TABLE 3: Distribution of individuals according to clinical form of leprosy, treatment and degree of disability. Fortaleza-CE, 2012.

Regarding the degree of physical disability detected at the diagnosis of the disease, the data revealed that all the patients had been evaluated for degree of initial physical disability. Of these, 313 (66.7%) presented Level 0; 101 (21.5%) Level 1; and 55 (11.8%) Level 2. In turn, the level of final physical disability, that is, after completion of the therapeutic regimen, 294 (62.7%) presented Level 0; 46 (9.8%) Level 1; 20 (4.3%) Level 2; and 109 (23.2%) did not make the test. See Table 3. According to information in the medical records, the absence of patients in the final physical evaluation was due to a variety of reasons, among them non-attendance, abandonment of treatment, transference and death.

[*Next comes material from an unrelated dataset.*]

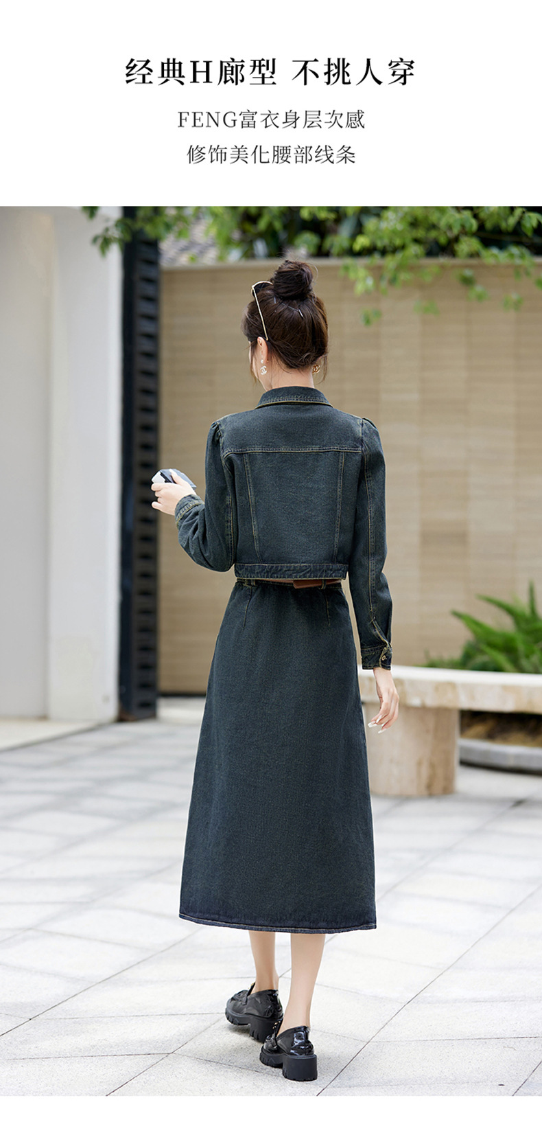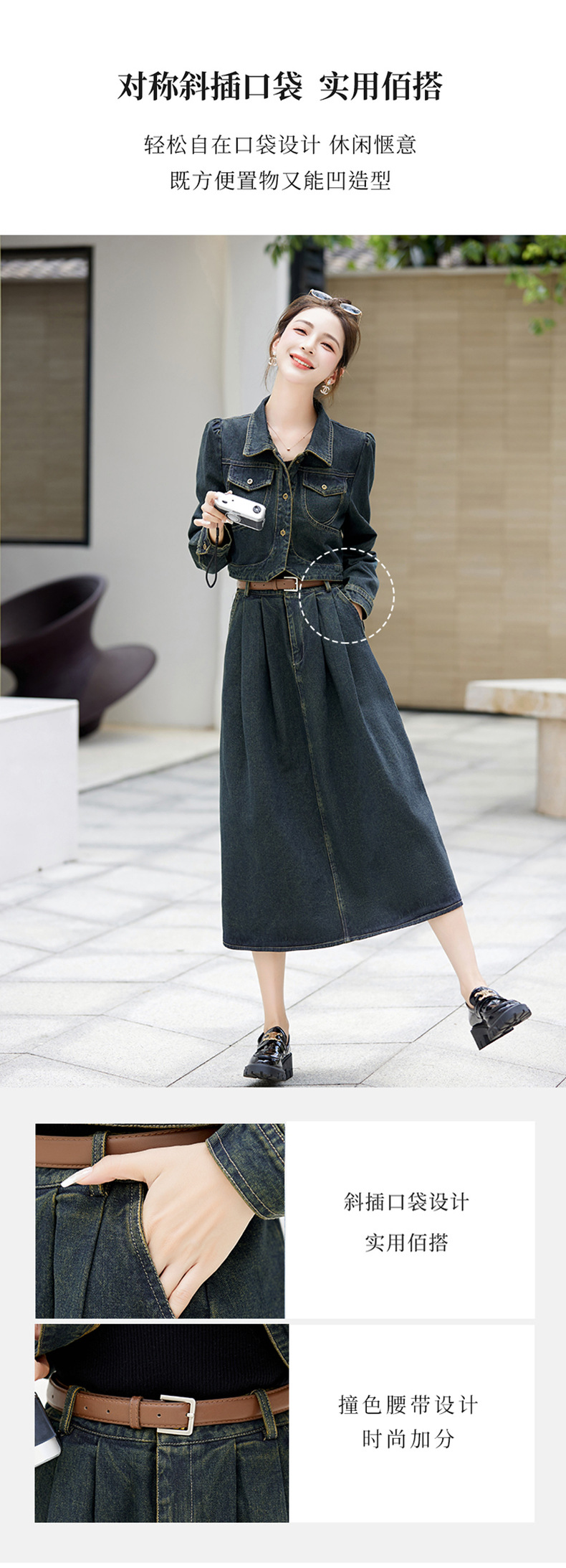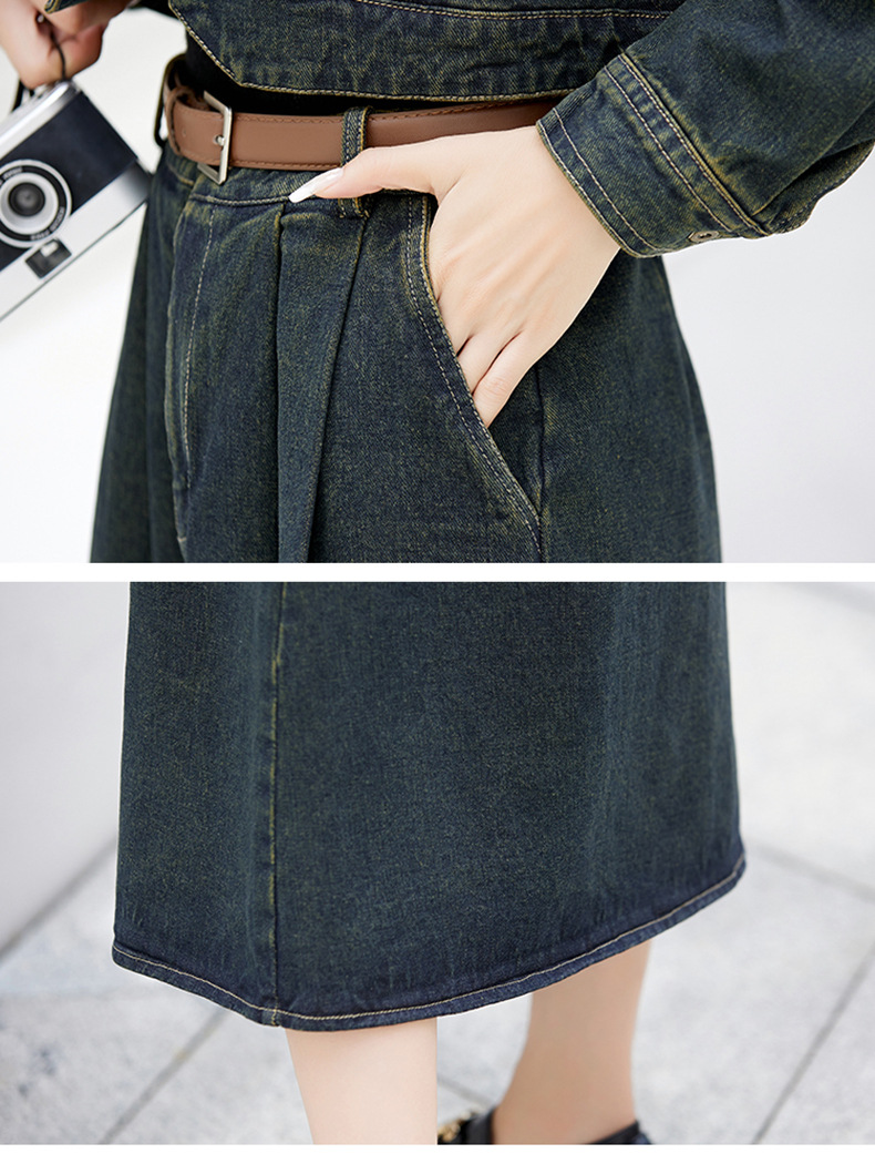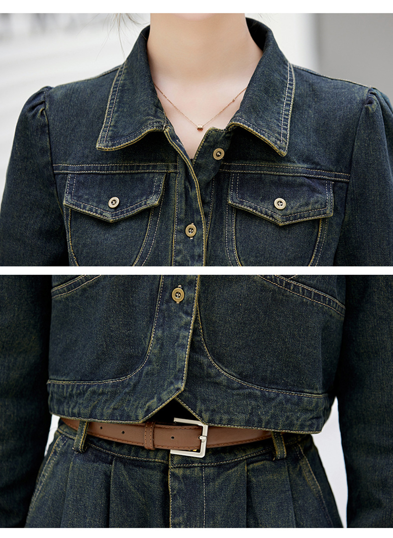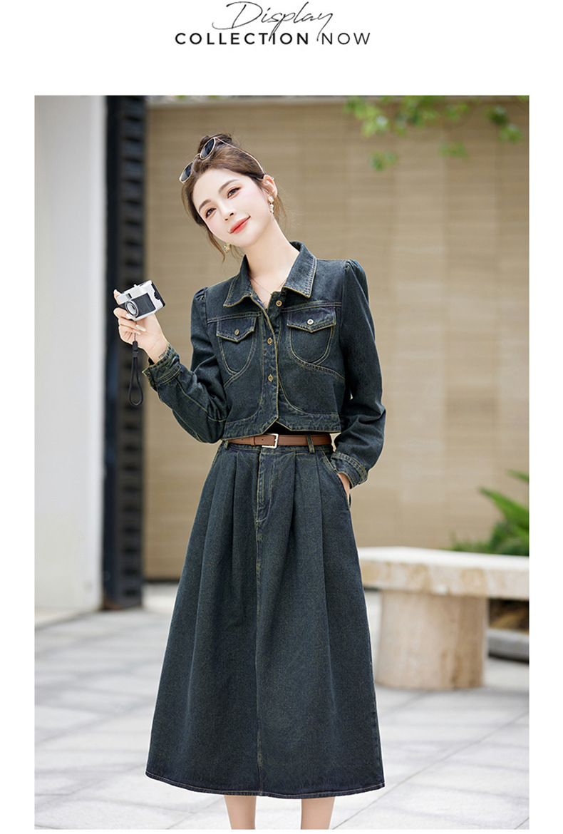 尚套装休闲复古牛仔外套+半身裙显瘦两件套LNS9656
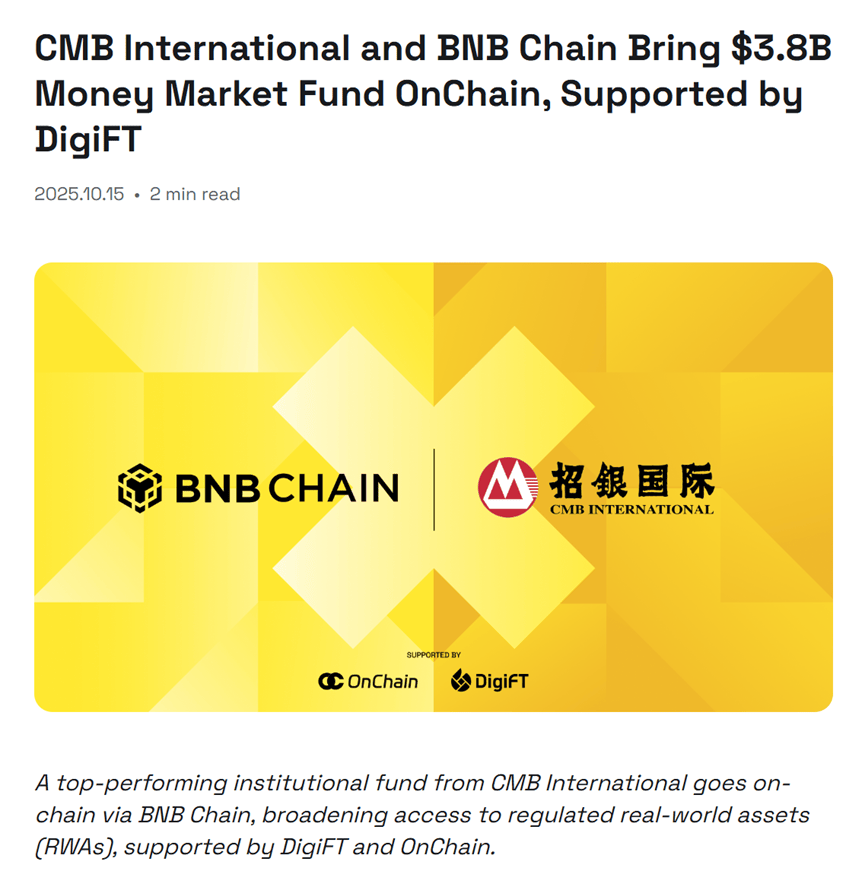 10月15日,招商银行(600036)全资子公司招银国际资产管理有限公司(CMBIAM)与BNB Chain达成合作,在DigiFT和OnChain的技术支持下,成功将旗下规模达38亿美元的美元货币市场基金通过代币化形式引入BNB Chain生态。该基金是亚太地区表现突出的货币市场基金之一,此次上链标志着机构级受监管现实世界资产(RWA)与主流区块链生态的深度融合,为合格投资者提供了更便捷的链上投资渠道。

In this study, the high rates of cases with physical disability at the beginning and the end of treatment seem to show that leprosy diagnoses still occur late, contributing to prevalence of complications of this disease. Physical disabilities and deformities are among the main grievances caused by the disease. They may cause or endorse prejudice, as well as contribute to social exclusion and interfere with daily activities and work22.

When patients initiate the therapeutic regimen without any type of disability and when they stick to the guidelines of health professionals throughout the treatment, even if they are subject to clinical evolution of the disease, to immunological response to bacillus and to medication use, they are less likely to develop deformities and physical disabilities 23.

The decentralization of health actions in primary care allows greater access to the population. The change in the care model brought about a new paradigm related to the substitution of a model based on medical specialties by a model centered on health surveillance, with emphasis on individuals and families. Integral assistance to leprosy patients requires the organization of multidisciplinary teams in medium and high complexity primary care, so that they may provide care to each case within its needs and under the principles of equity and comprehensiveness24.

As for patients' origin, it was noticed that 41 (8.9%) live in the Metropolitan Region, 363 (77.3%) live in Fortaleza, and only 65 (13.8%) live in the country side of the State of Ceará. I another study carried out in the city of Fortaleza/CE, the majority of patients came from the capital and from municipalities of the Metropolitan Region, representing 82% of registered cases25.

CONCLUSION

The male gender was more affected by leprosy than the female, especially by the most severe forms, and the mean age indicated economically active patients. The Dimorphic form of leprosy was the most incident.

Brown skinned people were majority in the sample, confirming the strong miscegenation of the population in the state of Ceará.

The low level of education observed in the majority of the cases was consistent with the predominance of occupations in service sectors whose tasks do not require qualification and result in low profitability.

The high percentage of physical disabilities at the beginning and at the end of the treatment indicates that encouragement to earlier diagnosis and improvement of the quality of health care are necessary.

The majority of patients came from peripheral regions of the city, where clusters of people live under precarious housing conditions associated with poor socioeconomic and cultural profile. A differentiated look is needed toward these places, as they consolidate characteristics of continuous outbreaks of disease transmission.

It is necessary to train health professionals for early diagnosis, treatment and follow-up of cases in basic health units, as well as to clarify the population about signs and symptoms of this disease and about the need to seek therapeutic treatment in order to prevent the appearance of disabilities.

The absence of statistical tests of association between variables represents a limitation of the study, as this prevents the identification of certain important characteristics as variables that could contribute to the incidence of leprosy cases in the State of Ceará.